An exact copy is needed of the lines in the entries below from the line with "Gelbes Kurzarm-T-Shirt aus" up to and including the line with "入力が完了したら「Webhook URLを登録」をクリックしましょう。", and of nothing else. Leave the pictures out.

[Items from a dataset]

<<<<

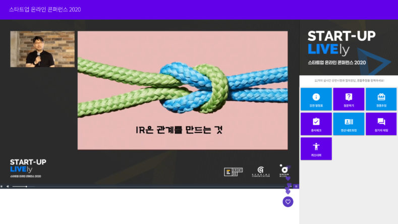 이벤터스에서 주최한 스타트업 온라인 콘퍼런스 2020은 행사 참가자가 웨비나를 시청하며, 한 페이지에서 실시간 질의응답, 부스 참여, 랜선 네트워킹, 출석체크, 서바이벌 퀴즈 대회까지 다양한 이벤트 프로그램을 동시에 참여할 수 있게 하였다. 참가자는 웨비나 시청 페이지에서 벗어나지 않은 채 자유로이 원하는 세션에 참여할 수 있어 행사 참여도를 높일 수 있었다.
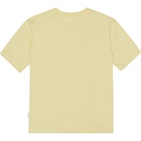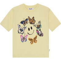 Gelbes Kurzarm-T-Shirt aus Öko-Baumwolle mit einem mehrfarbigen Aufdruck fröhlicher Schmetterlinge. Das T-Shirt hat einen Rundhalsausschnitt und eine normale Passform.
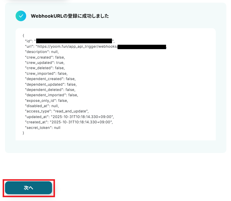 入力が完了したら「Webhook URLを登録」をクリックしましょう。
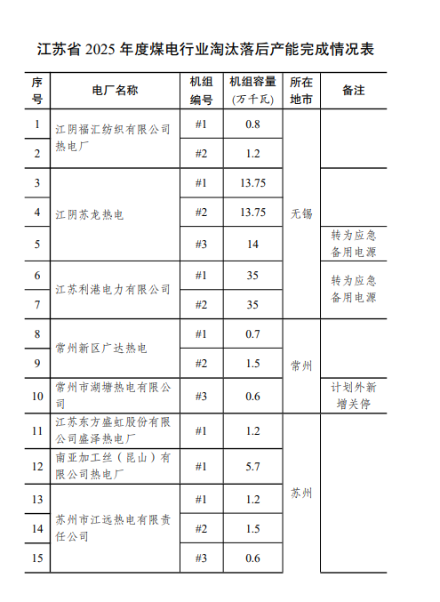 根据国家能源局《关于下达2022—2025年煤电行业先立后改淘汰落后产能目标任务(第一批)的通知》等要求,我省有序开展煤电行业淘汰落后产能工作。经各地申报,省发展改革委(省能源局)会同省电力公司等部门现场核查确认,2025年全省淘汰煤电落后产能合计221.3万千瓦,现将关停机组情况予以公布,接受社会各界监督。
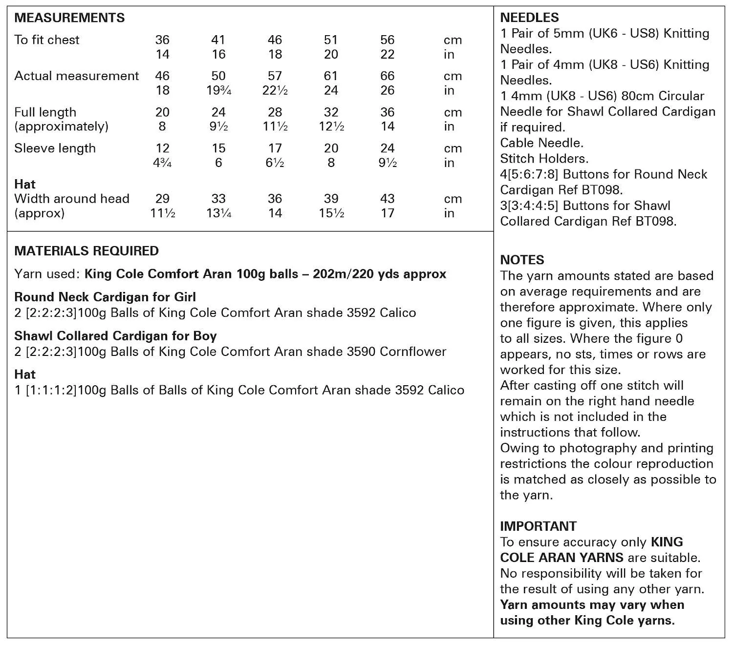 This leaflet pattern will instruct you on how to make a Round Neck Cardigan for Girls, Shawl Collared Cardigans for Boys and a Hat for babies with chest measurements 36 - 56 cm / 14 - 22 inches
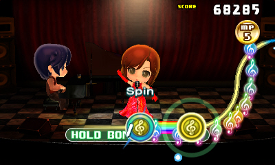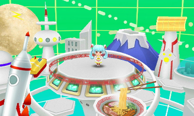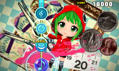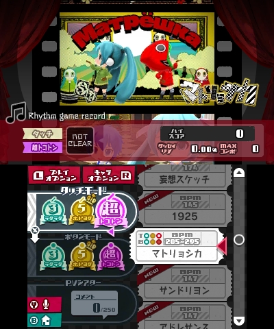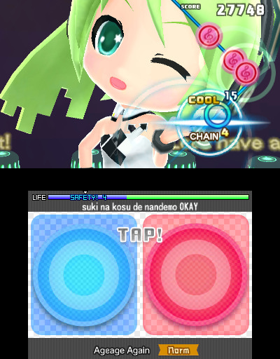 Theatre mode lets players relax from tapping or button-pressing and watch the music video. The videos are browsable, so players can skip to their favorite parts, and make playlists of their favorite songs. It’s even possible to create scrolling messages on the videos (a la Nico Nico Douga), which can be shared via StreetPass, and updated via SpotPass. Theatre Mode also has “Jam Along” mode, which lets players interact and add their own sound flairs to songs!
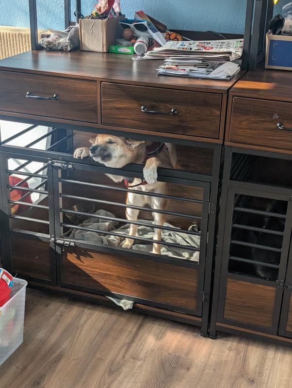 Honestly, I love this so much. Plenty of room for my dog and she loved it right away. Is super sturdy, solid furniture and plenty of storage for your own personal/ pet’s belongings. The only bad thing about it is that while building it, it was very complex and I had to be paying a lot of extra attention otherwise you will mess it up easily and have to re-do steps quite often.
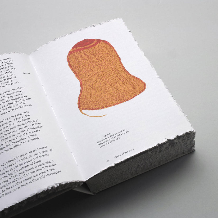 中島: この本は Sheila Hicks の確か初期の作品集で、デザインはオランダの Irma Boom (イルマ・ボーム) というデザイナーが担当しています。Irma Boom 自身がこのデザインのプランを出したみたいなんですけど、やはりとても特殊な加工なためものすごくお金がかかるというので、クライアントは最初拒否したらしいんです。それでも Irma Boom はこのプランを押し通して出版した結果、世界的に評価されてすぐ完売。今第五版くらい再販されています。
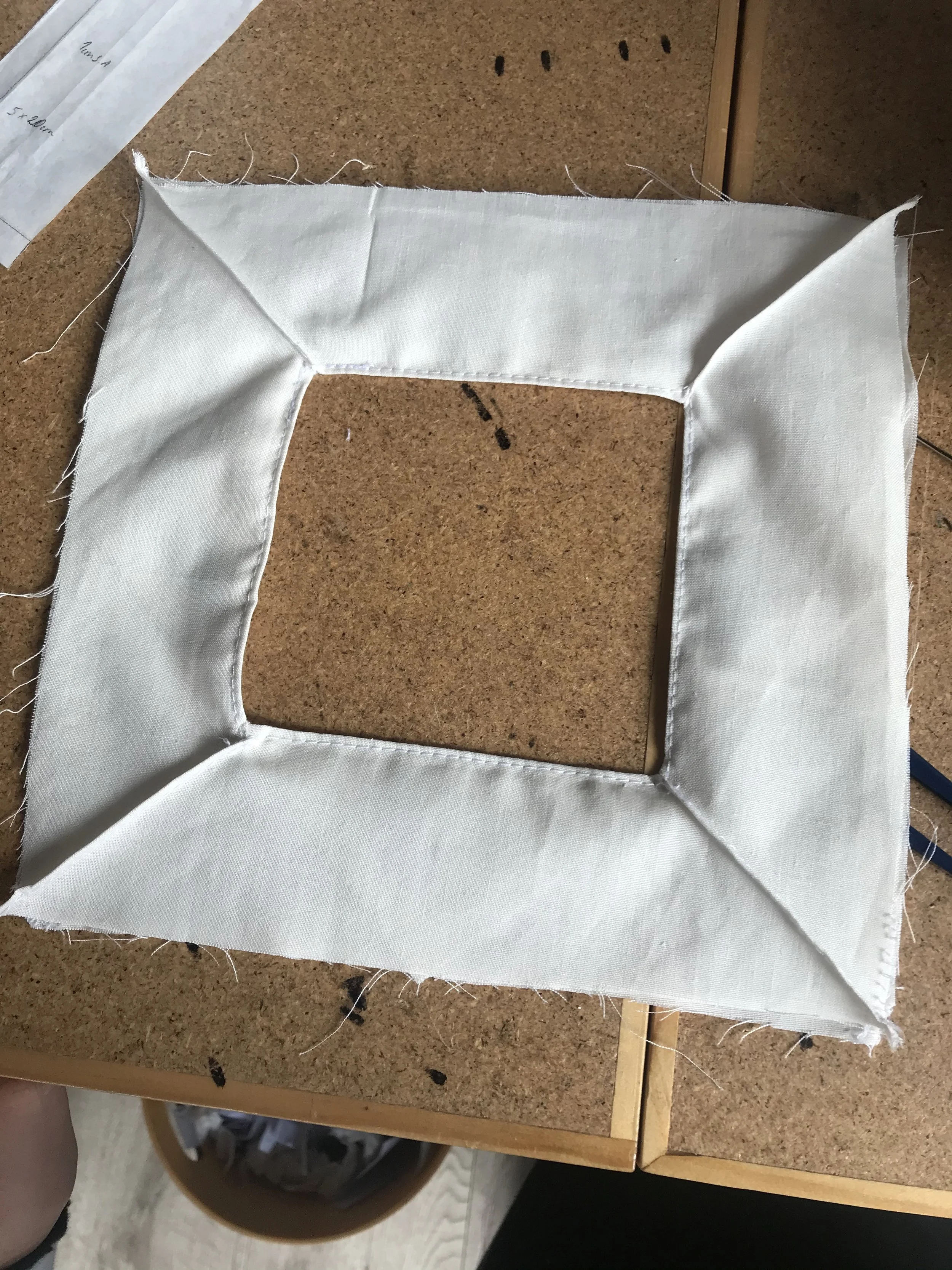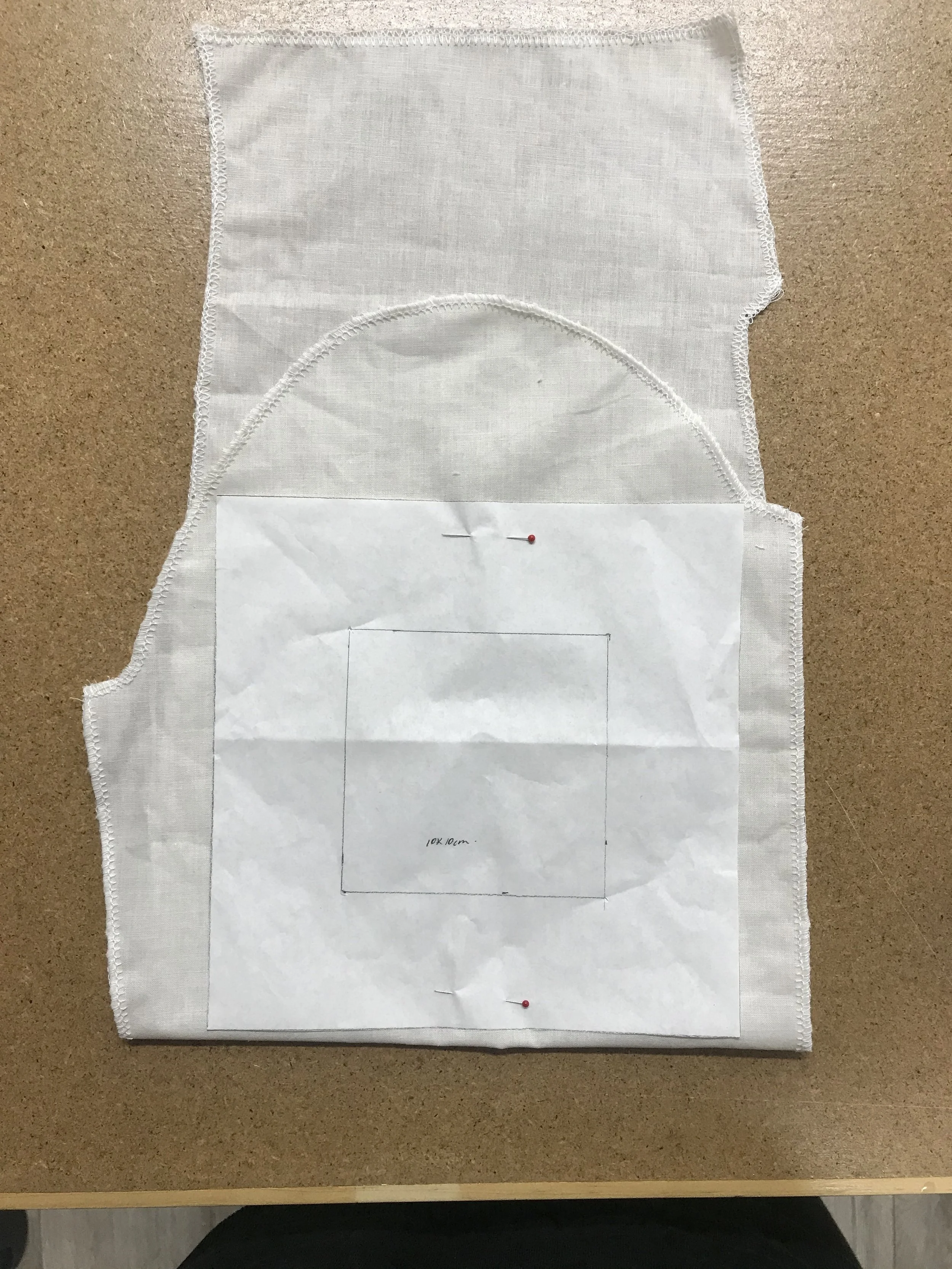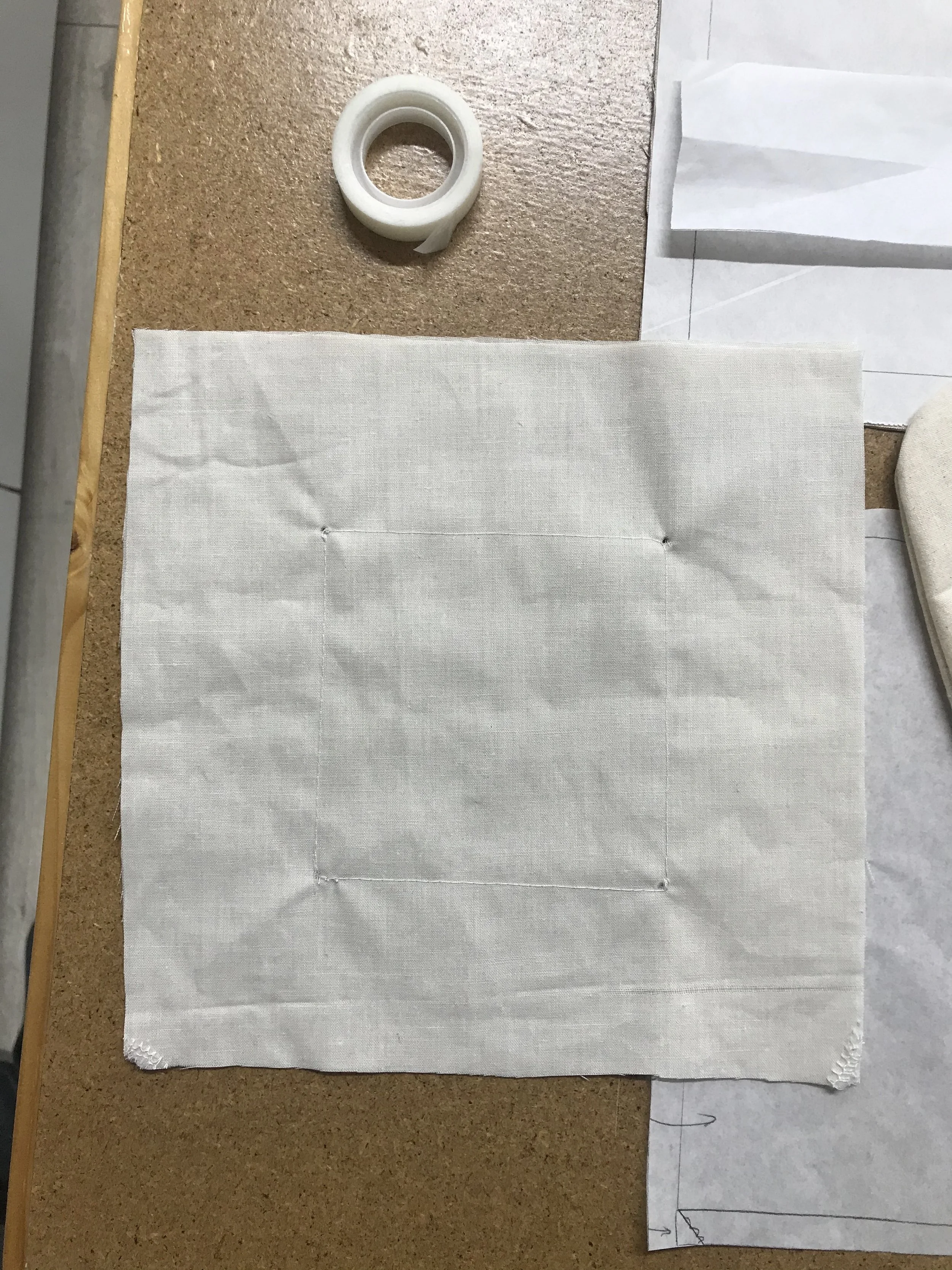20 x 20cm square with pin ticked diagonals and stuffed with grass seedlings, ready to be closed and stuffed with mulch

>>>>

## Task output
 Gelbes Kurzarm-T-Shirt aus Öko-Baumwolle mit einem mehrfarbigen Aufdruck fröhlicher Schmetterlinge. Das T-Shirt hat einen Rundhalsausschnitt und eine normale Passform.
 入力が完了したら「Webhook URLを登録」をクリックしましょう。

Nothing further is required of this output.